The cardioprotective action of trapidil during ischemia/reperfusion is mediated by restored phosphorylation of phospholamban

Dr. Kaber, Gernot , Prof. Dr. Hohlfeld, Thomas , Prof. Dr. Schrör, Karsten. Universitätsklinikum Düsseldorf Institut für Pharmakologie und Klinische Pharmakologie, Universitätsstr. 1, 40225 Düsseldorf, Germany.
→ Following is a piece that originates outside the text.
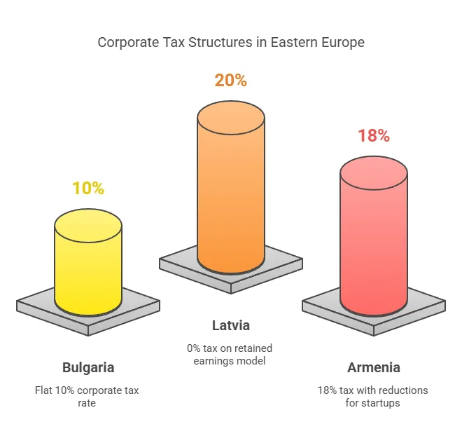 Võrdlev märkus: Le kontsern või ettevõtja, kes otsustab nende riikide vahel, võib valik sõltuda ärimudelist. Kui keegi plaanib kasumit oluliselt reinvesteerida, Läti jaotamata kasumi 0% on äärmiselt ahvatlev. Kui keegi soovib absoluutselt madalaim kohustuslik määr ja lihtsus, Bulgaaria 10% CIT on raske ületada. Kui keegi ehitab a väike idufirma (eriti tehnika vallas) või taotledes mõõdukate maksude ja erivabastuste kombinatsiooni, võib Armeenia režiim anda madalaima maksuarve (teatavate programmide puhul potentsiaalselt 0%).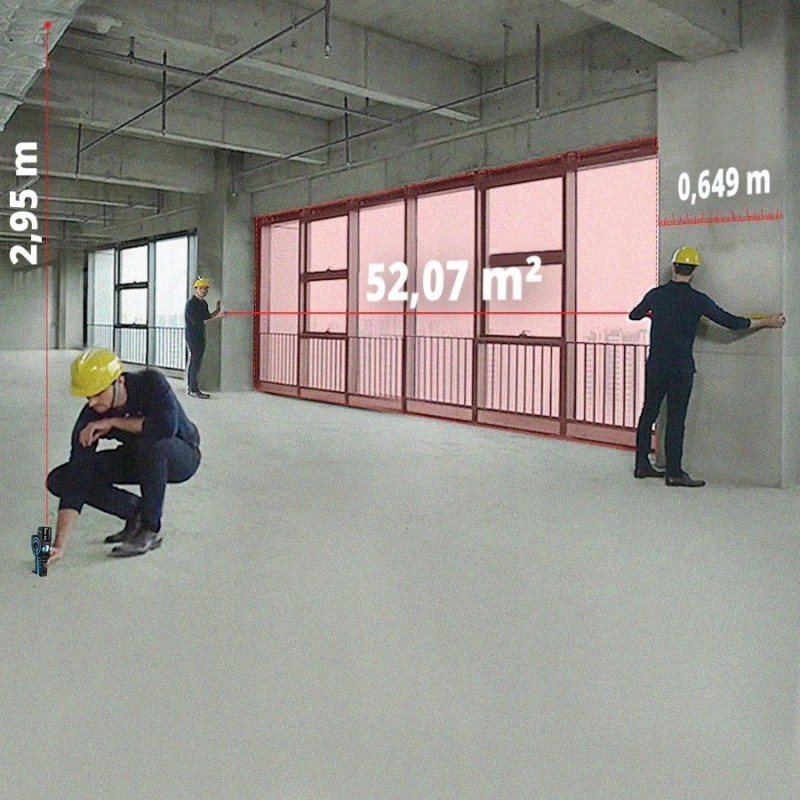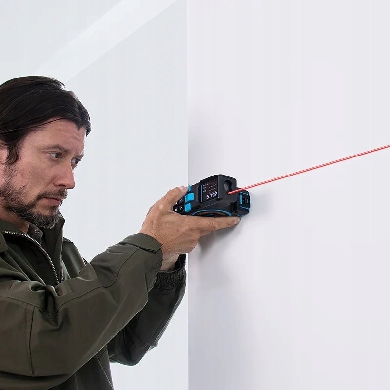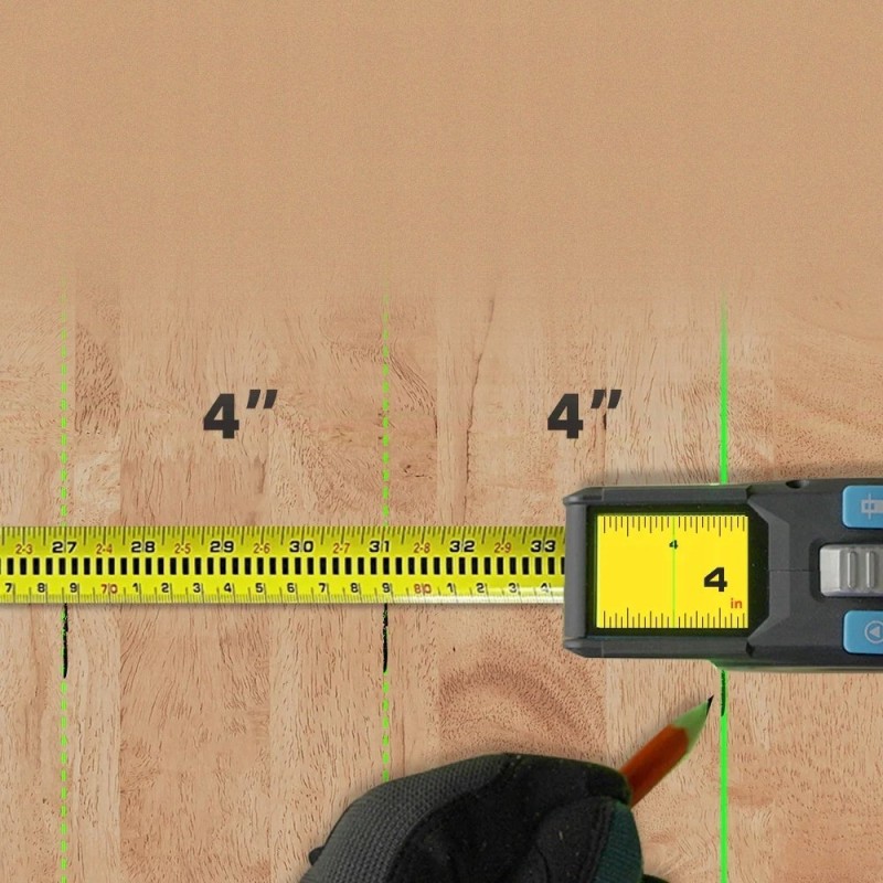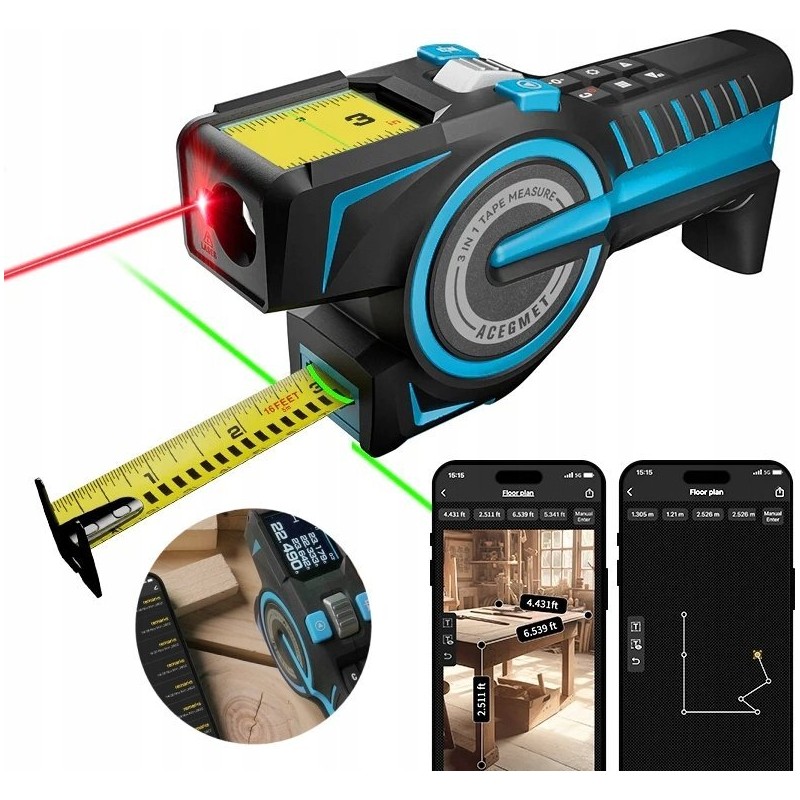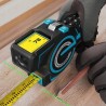 Es vereint ein digitales Maßband, einen Lasermesser und eine grüne Linie für präzises Markieren und Ausrichten.

Cytosolic Ca2+-overload is a major cause of damage to myocardial tissue during Ischemia/Reperfusion (I/R). PKA-II dependent phospholamban (PLB) phosphorylation is decreased during I/R and might thereby reduce Ca2+ transport into the sarcoplasmatic reticulum (SR). We have previously shown in rabbits that trapidil (TRA) activates PKA-II and reduces I/R injury. To investigate whether the PKA-II dependent phosphorylation of PLB is responsible for these beneficial effects Langendorff-hearts of wild-type (WT) and phospholamban deficient (PLB-KO) mice were perfused at constant pressure (80 mmHg) and subjected to zero-flow ischemia for 60 min, followed by 45 min of reperfusion (n = 16-18). Hearts were treated with TRA at a concentration that is obtained in clinical use (10µM) or vehicle (VEH). I/R resulted in a significant increase in creatine kinase (CK) release in VEH-treated WT hearts. TRA reduced this effect by more than 60% (p < 0.05). Left ventricular end diastolic pressure (LVEDP) was also elevated in VEH-treated WT hearts, amounting to 39 ± 4 mmHg at the end of reperfusion, and was significantly reduced to 24 ± 4 mmHg by TRA (p < 0.05). PLB-phosphorylation after I/R was significantly improved by TRA and the transport of Ca2+ into the sarcoplasmatic reticulum (SR) was also significantly faster in TRA-treated WT-hearts: 2.8 vs 1.9 counts/µg*min (p < 0.05). No changes were seen in hearts of PLB-KO mice. Treatment with TRA did not alter CK release (1591 ± 219 vs. 1563 ± 155 mU/g*min) nor did it reduce the elevated LVEDP (36 ± 5 vs. 38 ± 5 mmHg) in PLB-KO hearts. There was also no change in Ca2+-uptake by TRA. These data indicate that restauration of PKA-II dependent phosphorylation of PLB by TRA increases Ca2+-uptake into the SR towards normal values and explain the cardioprotective actions of TRA in I/R. This is a novel and injury-specific mechanism of action for a cardioprotective compound.